One of the first recruits, Mathew Trueman, joined the program in 2010. He’s now the dive supervisor onboard research vessel the MV Venus II.
“I was in the original unemployed youth program,” Matt says. “I worked hard as a CoTS diver and my efforts were soon rewarded with a promotion to team leader. Now nearly eight years later, I am the boss.”
“Anyone with divemaster certification can attend a 10-day training onboard one of our CoTS vessels. There are two spaces available on every voyage.”
Despite the many threats to the Great Barrier Reef, Col McKenzie firmly believes it’s not too late.
“Perhaps not all of it, but the vast majority of it will survive,” he says. “The more we can help to minimize stress factors, such as water quality and CoTS outbreaks, the greater chance coral has to adapt to its biggest threat: climate change.”
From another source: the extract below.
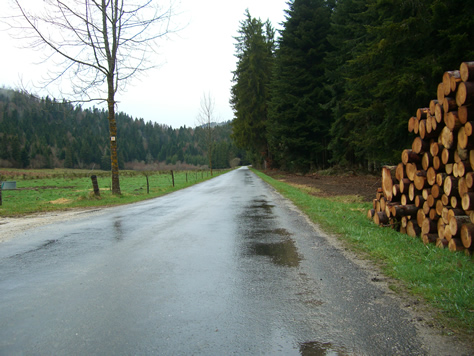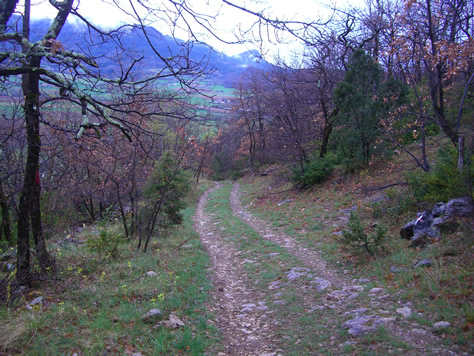 Continua lloviendo y pasamos por un tramo con barro, en Puibert dejamos un tramo del sendero para continuar por carretera hasta L'Escale, donde lo retomamos hasta Espezel, la temperatura es próxima a los cero grados y las montañas cercanas están nevadas. Nos alojamos en el hotel Grau, correcto y buena cena.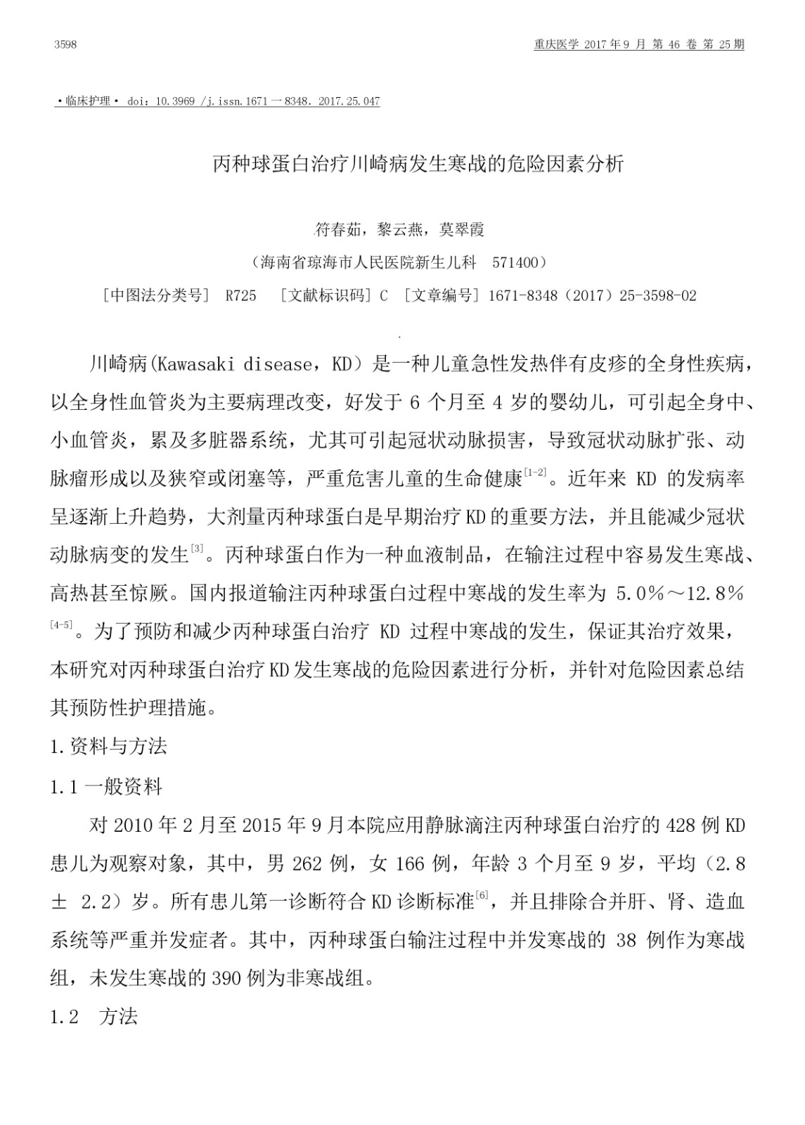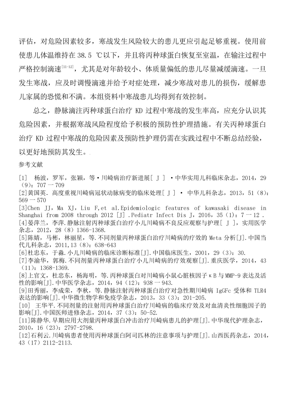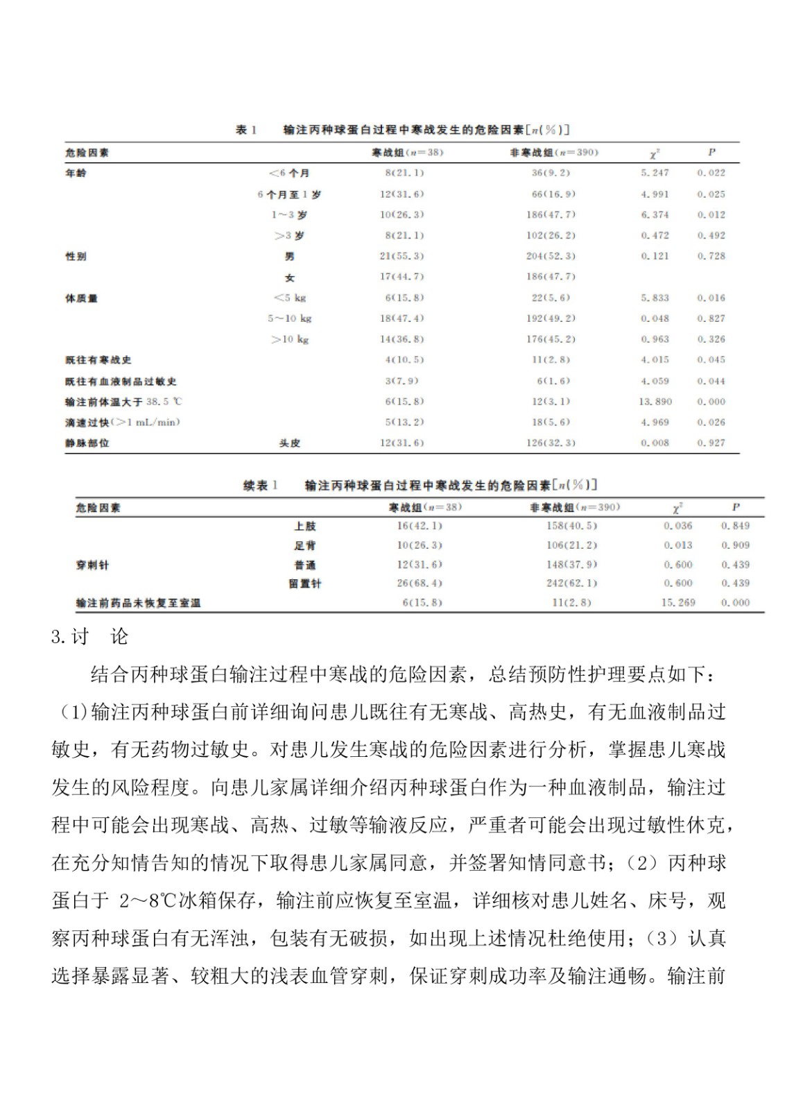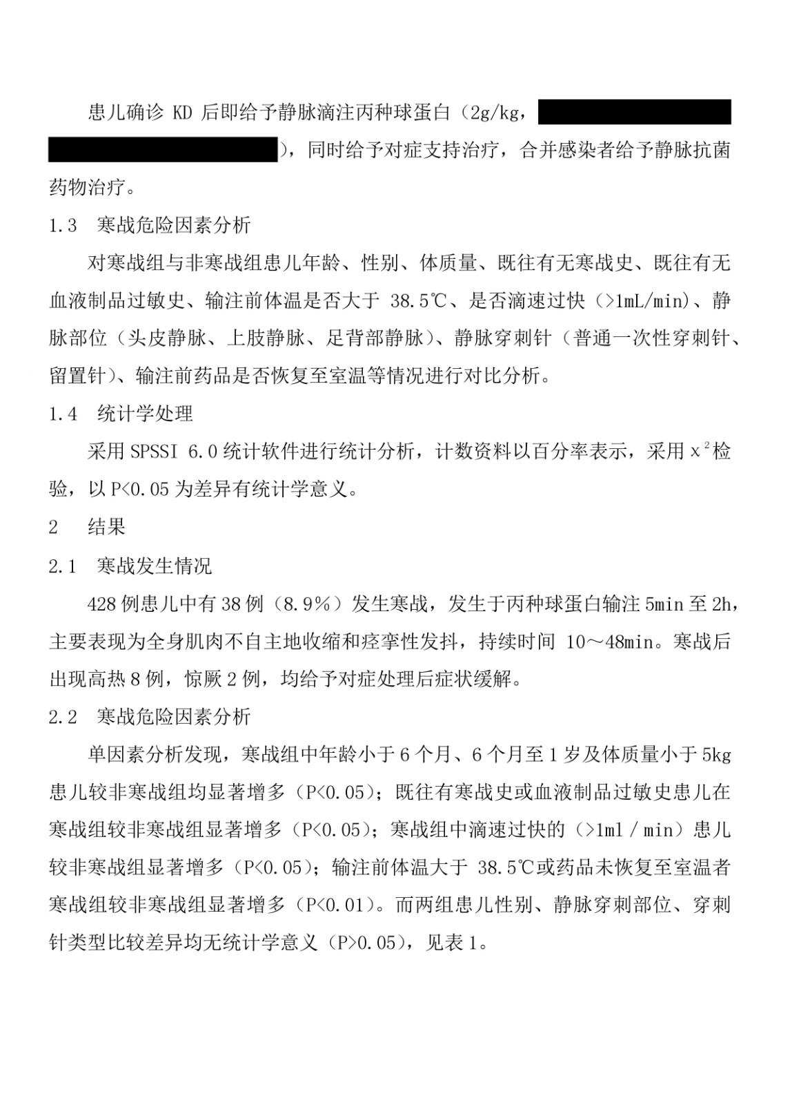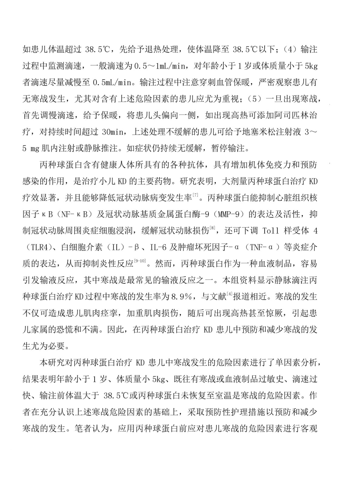 丙種球蛋白治療川崎病發生寒戰的危險因素分析

How to be a citizen reef warrior
You can contribute to several citizen-science projects by helping monitor the reef’s health. Sign up for ReefSearch and you’ll receive a field guide to show you how to contribute valuable data to scientists studying the reef’s health. You’ll learn how to spend 10 minutes of each dive, snorkel or reef walk looking for key species, checking coral condition, and making note of any trash you find.
Coral Watch, managed by the University of Queensland, focuses on bleaching events. Your Coral Watch kit comes with a color-coded slate that helps you identify and record coral colors. You can then upload them via an app to add to a global database.
The Great Barrier Reef Marine Park Authority (GRMPA) manages Eye on the Reef. Download the Eye on the Reef app or login online to report your sightings directly to them. A sighting can be anything you feel important enough to report. These include incidents like a bleaching event, crown-of-thorns starfish, stranded or sick wildlife and coral damage.
If you’re a certified divemaster from any agency, with a current commercial medical certificate, and you’d like to take part in the CoTS control program’s training course or are interested in full-time employment as a COTS diver, send your resume to the program’s operations manager, Steve Moon.
Deborah Dickson-Smith is one half of Diveplanit, a dive travel website she manages with her partner Simon Mallender, based in Australia.